What you should do: With the material below, print exactly the lines between the line holding "2-к кв. Санкт-Петербург" and the line holding "Cercei din aur", inclusive. Add nothing else.

The data:
+===+

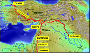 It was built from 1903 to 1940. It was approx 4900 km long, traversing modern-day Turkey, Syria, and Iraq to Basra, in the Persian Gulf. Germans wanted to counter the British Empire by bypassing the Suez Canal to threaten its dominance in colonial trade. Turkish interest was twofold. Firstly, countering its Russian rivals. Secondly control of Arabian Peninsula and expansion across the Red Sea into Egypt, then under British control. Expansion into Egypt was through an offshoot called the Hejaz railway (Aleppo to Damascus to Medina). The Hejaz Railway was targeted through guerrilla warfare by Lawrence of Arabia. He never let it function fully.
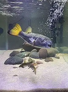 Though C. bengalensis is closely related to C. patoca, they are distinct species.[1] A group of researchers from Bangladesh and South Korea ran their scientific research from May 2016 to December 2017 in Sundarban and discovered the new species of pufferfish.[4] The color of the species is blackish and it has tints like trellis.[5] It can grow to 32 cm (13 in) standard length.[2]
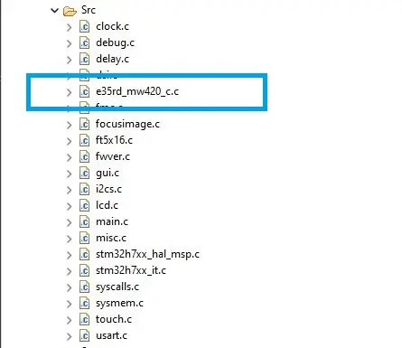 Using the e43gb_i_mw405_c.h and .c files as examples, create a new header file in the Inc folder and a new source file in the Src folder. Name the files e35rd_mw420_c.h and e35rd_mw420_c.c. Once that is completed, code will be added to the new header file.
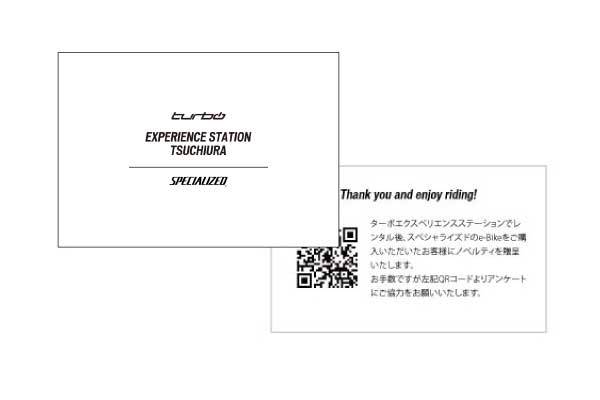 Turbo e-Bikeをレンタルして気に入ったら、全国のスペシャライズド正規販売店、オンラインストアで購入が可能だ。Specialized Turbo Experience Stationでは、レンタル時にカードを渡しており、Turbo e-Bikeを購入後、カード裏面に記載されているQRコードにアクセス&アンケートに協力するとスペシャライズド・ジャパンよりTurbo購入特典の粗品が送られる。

+===+

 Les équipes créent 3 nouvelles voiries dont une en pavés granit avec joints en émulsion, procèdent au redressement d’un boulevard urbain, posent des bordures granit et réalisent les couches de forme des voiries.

+===+

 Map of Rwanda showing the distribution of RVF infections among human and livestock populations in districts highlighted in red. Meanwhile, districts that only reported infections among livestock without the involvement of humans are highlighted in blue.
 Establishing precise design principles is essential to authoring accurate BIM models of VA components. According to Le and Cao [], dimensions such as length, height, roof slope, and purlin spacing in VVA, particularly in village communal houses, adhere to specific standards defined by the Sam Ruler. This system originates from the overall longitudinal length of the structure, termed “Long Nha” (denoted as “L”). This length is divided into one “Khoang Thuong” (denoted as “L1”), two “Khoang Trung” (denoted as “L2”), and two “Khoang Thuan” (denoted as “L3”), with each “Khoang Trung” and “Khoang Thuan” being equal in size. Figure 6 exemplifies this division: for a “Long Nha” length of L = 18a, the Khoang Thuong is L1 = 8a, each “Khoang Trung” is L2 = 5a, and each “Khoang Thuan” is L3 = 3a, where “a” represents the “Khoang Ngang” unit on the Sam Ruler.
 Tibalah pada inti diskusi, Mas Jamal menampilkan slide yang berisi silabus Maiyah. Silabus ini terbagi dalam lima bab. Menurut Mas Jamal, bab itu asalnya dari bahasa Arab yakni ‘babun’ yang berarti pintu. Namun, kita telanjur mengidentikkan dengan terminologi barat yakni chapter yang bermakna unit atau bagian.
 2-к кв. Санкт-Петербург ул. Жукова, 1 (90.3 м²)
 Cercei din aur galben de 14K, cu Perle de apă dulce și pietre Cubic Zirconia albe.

+===+

Exercise solution:
 2-к кв. Санкт-Петербург ул. Жукова, 1 (90.3 м²)
 Cercei din aur galben de 14K, cu Perle de apă dulce și pietre Cubic Zirconia albe.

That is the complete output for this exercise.